Having agreed a major asset swap with GSK and hence simplified its business into three ‘powerhouse’ divisions, Novartis last week held its first ‘Meet the Management’ event for analysts and investors. This involved the top teams of each of the three divisions (and also the early research unit, NIBR) sitting down for extended Q&A sessions with the attendees, to explain how they were going to achieve the objectives set for their part of the business. As the heads of two out of the three divisions have only been in place for the last six weeks, the analysts probably knew more about the businesses than they did, but even so, it was a good opportunity to meet the second tier of divisional management and to try to read the runes on Novartis’s future strategic direction.
The Sandoz part of the proceedings was naturally almost all Q and no A, which was a pity. Sandoz’s refusal to explain very much about what it is doing now makes it particularly difficult for the company to give a convincing answer to the question of what it is going to do differently in the future, but some things are obvious enough without them saying anything at all. For a start, it doesn’t take a Kremlinologist to see that hiring Richard Francis from Biogen Idec to run Sandoz is an indication that biosimilars will be at the top of the company’s list of priority areas, particularly when one of the division’s two mission statements is to retain its leadership in the area. This hiring may be a bit premature of course, since biosimilar sales are currently running at about $400m, or only 4-5% of total turnover. Also, if Sandoz doesn’t launch some new products fairly soon it might find itself temporarily losing the global leader title to Hospira, which has already had infliximab approved in Europe and is just waiting for patent expiry in order to launch it the continent’s major markets. However, it is undeniable that Sandoz has a very strong pipeline in this area and will almost certainly be the first – or one of the first – companies to launch a product down the new biosimilars pathway in the US.

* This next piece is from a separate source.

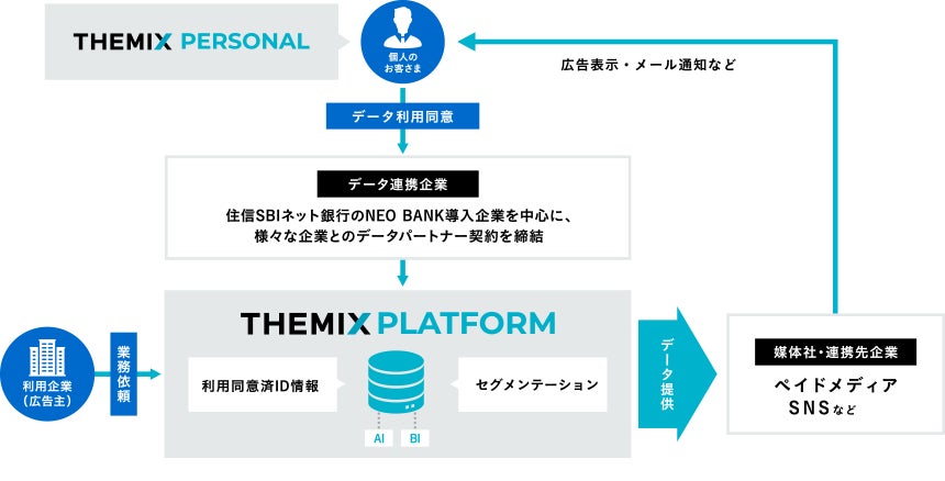 そしてこのたび、住信SBIネット銀行がこれまで培ってきたデジタルバンク事業、BaaS(Banking as a Service)※1によってパートナー企業へ銀行機能を提供する「NEOBANK®」※2事業に加え、アライアンス企業から連携されたお客さまが利用に同意した個人データを活用した、新たなデータプラットフォームサービスを開始いたします。

How long this will take is the big unknown. Getting the FDA to the point at which it is ready to actually approve a biosimilar – let alone with interchangeability – is a massive challenge. Sandoz is probably better placed than most companies to do it, but we suspect that it will take much longer than anyone anticipates. Sandoz disclosed at the meeting that it has now answered all the FDA’s outstanding questions on its generic Copaxone and yet there has been no word about whether its file is approvable or not, which demonstrates perfectly the difficulties that it is up against. The FDA hates stepping into new territory and much prefers to work from existing precedent. Even though Copaxone was approved down the NDA rather than the BLA pathway, it is a complex product with a poorly-understood mechanism of action and in the absence of full phase III safety and efficacy trials, the FDA clearly cannot decide how much evidence of similarity is enough to allow it to approve generics. And if it can’t make its mind up on Copaxone, how likely is it to do so on a monoclonal antibody biosimilar? Only with a dossier in front of it will the FDA be forced to come off the fence and say whether the data presented is enough or not and even then, the first filer may end up taking to the courts to secure an approval, just as Sandoz did with Omnitrope, its generic human growth hormone.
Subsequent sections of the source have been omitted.